John Maughan

Personal information
- Born: 1962 (age 63–64)

Sport

Inter-county management
- Years: Team
- 1990–1994 1995–1999 2000–2001 2002–2005 2005–2008 2018–2022: Clare Mayo Fermanagh Mayo Roscommon Offaly

Inter-county titles as manager
- County: League / Province / All-Ireland
- Clare:  / 1 / 1

= John Maughan =

Gaelic footballer, football manager and sports administrator

John Maughan (born 1962) is an Irish Gaelic football manager and former player, who most recently managed the Offaly football team.

He is also a former manager of the Mayo, Clare, Roscommon and Fermanagh senior football teams. Maughan is only the third man to lead five different county teams and the first to complete a "slam", with at least one of these county teams coming from each of Ireland's four provinces.

==Early life==
Maughan is originally from Crossmolina. He comes from a family of six children. He was the only one sent to boarding school, which he attended at Moate's Carmelite College. After school he joined the Irish Army. He is a graduate of University College Galway. He attended the university in the early 1980s.

==Army career==

Maughan was an offer in the Irish Army from 1979 to 1999. He reached the rank of Captain and was based in Renmore Barracks Dún Uí Mhaoilíosa in Galway. When he was appointed to the Mayo job, he commuted from Cyprus for the first couple of games as he was serving with the United Nations.

==Playing career==
Maughan won a Hogan Cup medal with Moate's Carmelite College in 1980. He also won two Sigerson Cups with University College Galway in the early 1980s. This, alongside a spell with the Mayo under-21 team, led to Maughan being called up to the senior county team. Surgery on his knee cartilage in 1986 led to the end of his days as a player. He had four more operations but on the knee cartilage but was informed three years later that he could no longer play at inter-county level. He continued to play locally, switching base in 1994 and transferring to Castlebar Mitchels in the expectation of getting to play junior football but was a runner-up in that year's Mayo Senior Football Championship final. In a 1995 Mayo Senior Football Championship quarter-final Maughan sustained a broken jaw. After being brought to Dublin's Mater Hospital, a story in a newspaper led to bother as he had flown back from Cyprus where he was on peacekeeping duty with the Irish Army.

==Coaching career==
Mayo's manager when Maughan's playing days ended was John O'Mahony. O'Mahony retained Maughan's services as a team physical trainer.

A call came from Clare GAA one evening to ask if Maughan would become coach for the 1990 season. Discovering that no manager had yet been appointed Maughan asked if he could take the post. He did so, at the age of 28. Eleven players attended Maughan's first training session in Crusheen.

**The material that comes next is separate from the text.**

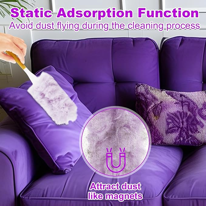 50 Count 360 Heavy Duty Duster Refills Bulk Compatible with Swiffer, Dusting Refills with 1 Handle, Multi Surface Disposable Dusters Refill for Cleaning (Purple)
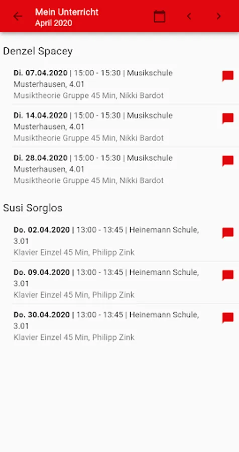 All functions for exchanging messages between teachers, parents, students and the music school do not require any contact information. Messages are transmitted via an app-internal ID. No email addresses or cell phone numbers are required for chat and message exchange!

He led Clare to the 1992 Munster Senior Football Championship.

After finishing as Clare manager, Maughan went to Cyprus for United Nations peacekeeping duty in Nicosia.

He was appointed manager of the Mayo county team while still based in Cyprus and commuted for several games at the start of his spell in charge.

He led his native county to the successive All-Ireland Senior Football Championship final defeats in 1996, 1997. He returned for a second spell in charge and led his native county to a further All-Ireland Senior Football Championship final defeat in 2004.

In between his spells with Mayo, he had a short stint as Fermanagh manager (winning an All-Ireland 'B' Football Championship) and, after taking charge of Mayo for the second time, he was manager of Roscommon. He resigned as Roscommon manager in the spring of 2008.

He commuted from his home in Castlebar to manage Offaly. Maughan announced his departure as Offaly manager in July 2022 after a four-year spell in charge during which he achieved promotion for Offaly to Division 2 of the National Football League (though relegation to Division 3 followed the next year) and advanced to the semi-final of the inaugural 2022 Tailteann Cup.

Maughan has also led NUI Galway GAA.

==Personal life==
Maughan is married to Audrey, and lives in Castlebar. He is a grandfather. He had surgery on his back in 2019.

As of 2021, he was working as a Procurement Officer at Mayo County Council, while, as of 2019, Maughan is a member of the board of Sport Ireland.

Though fully-vaccinated, Maughan isolated at his home in Enniscrone after contracting COVID-19 in 2021 (his sense of taste and smell he said were "completely gone").